**TASK GOAL**.
From the material below, reproduce exactly the stretch of lines that begins with the line holding "Magic Mug com" and ends with the line holding "Bakstycket har hål", skipping the pictures.
── SOURCE RECORDS
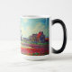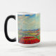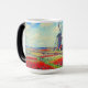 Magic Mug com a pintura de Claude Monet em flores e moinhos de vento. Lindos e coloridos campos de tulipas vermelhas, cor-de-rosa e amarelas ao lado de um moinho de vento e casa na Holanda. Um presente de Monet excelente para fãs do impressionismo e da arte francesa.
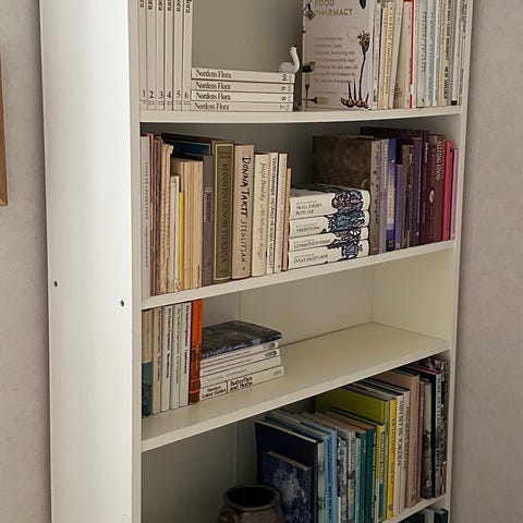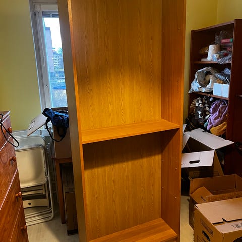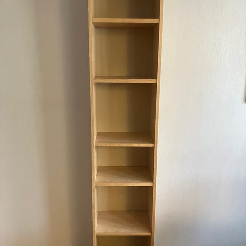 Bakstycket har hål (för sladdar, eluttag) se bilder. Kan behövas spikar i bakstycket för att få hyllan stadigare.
────
── SOURCE RECORDS
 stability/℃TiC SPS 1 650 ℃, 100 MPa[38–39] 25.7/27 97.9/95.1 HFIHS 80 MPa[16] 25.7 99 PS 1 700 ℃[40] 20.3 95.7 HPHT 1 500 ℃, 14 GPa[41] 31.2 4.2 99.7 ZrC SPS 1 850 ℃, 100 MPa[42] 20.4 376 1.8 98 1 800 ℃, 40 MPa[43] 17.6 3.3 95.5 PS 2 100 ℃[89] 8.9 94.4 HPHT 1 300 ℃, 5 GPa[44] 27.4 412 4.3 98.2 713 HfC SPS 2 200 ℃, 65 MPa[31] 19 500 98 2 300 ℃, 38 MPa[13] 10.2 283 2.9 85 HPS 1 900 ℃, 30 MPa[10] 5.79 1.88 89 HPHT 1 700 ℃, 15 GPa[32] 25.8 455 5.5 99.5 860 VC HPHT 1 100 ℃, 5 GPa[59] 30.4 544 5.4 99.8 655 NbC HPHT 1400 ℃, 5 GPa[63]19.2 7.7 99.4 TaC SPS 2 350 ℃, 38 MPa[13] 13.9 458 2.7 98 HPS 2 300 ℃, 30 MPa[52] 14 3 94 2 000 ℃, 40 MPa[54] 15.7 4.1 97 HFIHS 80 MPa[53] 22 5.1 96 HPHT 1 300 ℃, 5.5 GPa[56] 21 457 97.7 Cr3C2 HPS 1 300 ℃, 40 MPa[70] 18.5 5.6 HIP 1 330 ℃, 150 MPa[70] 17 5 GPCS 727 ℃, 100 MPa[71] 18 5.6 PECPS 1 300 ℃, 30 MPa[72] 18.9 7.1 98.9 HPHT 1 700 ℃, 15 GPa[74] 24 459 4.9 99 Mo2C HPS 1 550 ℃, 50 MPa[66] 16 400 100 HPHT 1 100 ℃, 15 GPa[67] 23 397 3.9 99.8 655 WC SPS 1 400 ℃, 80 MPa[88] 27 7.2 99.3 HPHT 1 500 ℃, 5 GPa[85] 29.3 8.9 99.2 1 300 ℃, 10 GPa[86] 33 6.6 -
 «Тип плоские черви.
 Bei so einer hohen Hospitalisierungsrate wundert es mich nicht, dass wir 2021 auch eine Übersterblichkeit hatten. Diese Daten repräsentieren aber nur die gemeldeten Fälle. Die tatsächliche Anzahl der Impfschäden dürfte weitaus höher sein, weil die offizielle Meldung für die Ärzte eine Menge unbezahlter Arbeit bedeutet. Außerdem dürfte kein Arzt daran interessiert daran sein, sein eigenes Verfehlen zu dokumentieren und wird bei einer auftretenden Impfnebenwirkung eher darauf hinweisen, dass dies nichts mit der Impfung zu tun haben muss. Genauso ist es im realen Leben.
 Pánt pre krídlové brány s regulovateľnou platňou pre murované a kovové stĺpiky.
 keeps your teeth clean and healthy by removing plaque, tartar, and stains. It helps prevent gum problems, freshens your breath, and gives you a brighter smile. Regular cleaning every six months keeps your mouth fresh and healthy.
────
**RESPONSE**.
 Magic Mug com a pintura de Claude Monet em flores e moinhos de vento. Lindos e coloridos campos de tulipas vermelhas, cor-de-rosa e amarelas ao lado de um moinho de vento e casa na Holanda. Um presente de Monet excelente para fãs do impressionismo e da arte francesa.
 Bakstycket har hål (för sladdar, eluttag) se bilder. Kan behövas spikar i bakstycket för att få hyllan stadigare.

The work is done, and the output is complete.